CUBISM

»When we started painting Cubist pictures, we hadn´t the slightest intention of creating the style of painting that came to be known as Cubism. Instead we wanted to express what it was that moved us.« Pablo Picasso

A picture of five naked prostitutes marks the beginning of Cubism as a movement. Two of them are monstrously deformed, two others stare out at the viewer from a flattened, angular pictorial space. When Picasso was working on his famous painting Les Desmoiselles d´Avignon between 1906 and 1907, he wasn´t interested in instilling sympathy for social outsiders, like Henri de Toulouse-Lautrec, or in moralizing like Georges Rouault. He was primarily concerned with purely artistic problems.

By systematically developing Paul Cézanne´s basic idea of an architecturally constructed, non-illusionistic picture, he reduced human anatomy to rhombi and triangles, thereby rejecting the reproduction of naturalistic proportions. Picasso´s models were the archaic sculptures of his Iberian homeland, and the paintings of El Greco and Paul Gaugain. He found confirmation for his approach in the carvings of African folk art, which had recently been discovered by European painters.

In late 1908, Picasso met Georges Braque through the poet Guillaume Appollinaire; the two men were almost exactly the same age. A close collaboration developed from this meeting, which would last for years, and which for a time, between 1911 and 1912, went so far that the two artists allowed their individual personalities to be absorbed in the common research of Cubist representational techniques, painting almost identical pictures and refusing to sign them.

In the autumn of 1908, Braque mounted an exhibition of his works in the gallery of David-Henry Kahnweiler. Writing for the journal Gil Blas, the critic Louis Vauxcelles spoke in passing of »petits cubes« (little cubes). At another point he used the description »bizarreries cubiques« (bizarre cubist constructions), thereby unwittingly creating the label for the new, leading stylistic movement.

Between 1909 and 1912, Cubism developed from its beginnings into what became known as its Analytical period. Although they continued to paint representationally, the Cubists no longer reproduced the appearance of an object, but aimed at painting the »thing in itself,« as the sum of all its possible appearances. Thus the objects were no longer depicted naturalistically from a given and therefore limited position, but from several possible points of view at the same time. This juxtaposition of several different perspectives was arranged on the canvas in different facets. At the same time, form and space were amalgamated into each other. Color also lost its traditional significance; the palette was limited to brown, grey, and blue tones.

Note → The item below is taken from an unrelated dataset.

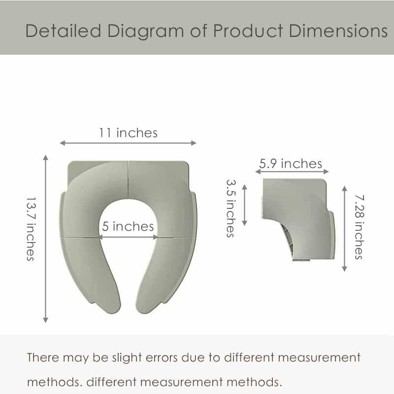 - High Adaptability and Comfort With an unfolded size of 13.5"x11", it is suitable for 99% of round/oval toilets. The thickened edge support and curved backrest protect the child's spine.

From 1911 onwards, typographical signs began appearing in the works, and later newspaper cuttings, visiting cards, pieces of material, glass, and sand were added. Papier collé had been invented. These fragments of reality did away once and for all with the remnants of illusionistic space; and with them, color made its reappearance in these pictures. It was now though no longer subordinate to objects, and no longer needed to imitate anything, but had become part of a new materiality. This created the preconditions for Synthetic Cubism. Here it was no longer a question of representing the objects of perception, but rather of creating new objects: the picture had gained a new degree of autonomy.

Though Picasso and Braque remained crucial to the full development of Synthetic Cubism, they were no longer the only ones involved. The most important figures at this point were Fernand Léger and Juan Gris. Léger took Cézanne at his word, combining in his Cubist phase cylinders, spheres, and cones to create quasi-analytical spatial images. Gris started out from abstraction in order to arrive at reality. He painted almost exclusively still lifes. Picasso, Braque, and Gris also influenced Albert Gleizes and Jean Metzinger, who published the first book on the new style under the title Du Cubisme. Sonia and Robert Delaunay developed Cubism further, crossing the boundaries of abstraction with their rhythmic and dynamic Orphic color harmonies.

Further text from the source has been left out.